Think about it. Foreigners are helping Africans deplete local foreign reserves since they know looters do not invest at home. Without killer profits, foreigners would not be rushing to Africa to make money either. But if foreign investors are given stipulations on long-term goals like infrastructure, they would label that country hostile without free market or call upon their government to sanction it. The free and fair reciprocal market they do not have in their own countries. They rig their own economy for the big boys.
Politicians are after foreign odious loans that are known to be going into private pockets. Based on some warped logic that the United States the richest country in the world borrows from the Chinese, Japanese and Germans. This logic is used by Lagos to make Tinubu richer than the State itself. However, the USA prints its own $100.00 bills that are worldly popular and abundant outside their country than inside. Creditworthy is not bankruptcy!
Foreign investors look out for themselves, Africa must bail itself out like other countries. The USA can pay back on demand by printing more $100 bills that would be snatched up by many countries including those burying hard currencies in sewage tanks, mortuaries or transfer it to their shell companies in Panama like other billionaires hiding their money. But how acceptable are Naira, Cedi, Rand, Shillings or Zimbabwe dollar outside Africa?
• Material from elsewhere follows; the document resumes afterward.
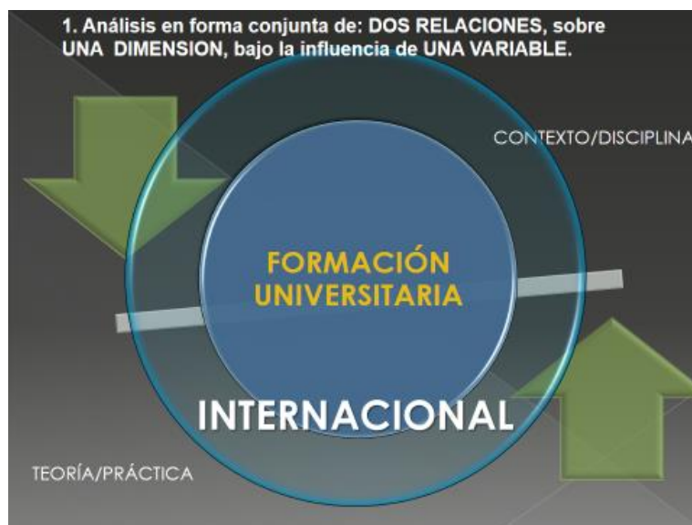
Fig. 2

Tal como puede verse en el gráfico, en este primer análisis se consideran en forma conjunta de: dos relaciones, sobre una dimensión, bajo la influencia de una variable.

It must hastily be noted that heavy government involvement in the economy apart from regulations, could be detrimental as in “government business is nobody’s business”. It is usually the functions of the private sector businesses and corporations to create jobs. The role of governments is to step in where private businesses may be overwhelmed as hospitals, schools, and infrastructure. But must create an enabling environment for all.
However, if China had waited for the private sector to bail the country out of famine and poverty it suffered while Africa was flowing with milk and honey, China would not be a major competitor on the world stage with the United States. China uses its influence as nuclear power and took advantage of Western spite against the Soviet Union to gain access to the Rich Countries Trade Club. Indira Gandhi, former Prime Minister of Indian, had called for the same access. Fair and free trade, not handouts.
China and India have reduced the world’s poverty by pulling many of their poor people into the middle class while Africa’s poor keep on increasing. China has done so by sensible government interventions and severe punishment for corruption. On the other hand, African countries with a relatively huge income had more money sucked out by Foreign Pensions and Equity Investors looking for maximum return in the shortest possible time.
Foreign Investors hardly embarked on a long-term major project like infrastructure without demanding guarantees or sureties that the same projects would revert back to foreign control if they default (always did) on the odious loans. Most loans are bribes for an inflated contract between parties to employ their foreign workers as supervisors and above while Africans remain laborers. The odious loans are not only inflated, but both parties also anticipate defaults because they are not reasonably packaged for payback.
Therefore, it is not surprising that the Chinese are taking over land and infrastructure in Zambia. Ghana sold its major Gold Industry to Foreign Investors and Nigeria’s Ajaokuta Steel Industry has never been viable. Nigeria Paris Loan Penalties and Fines Ballooned. Most of the major industries that were supposed to be major contributors to the countries’ foreign reserves have actually become a drain on Africa’s Reserves in each country by divestment.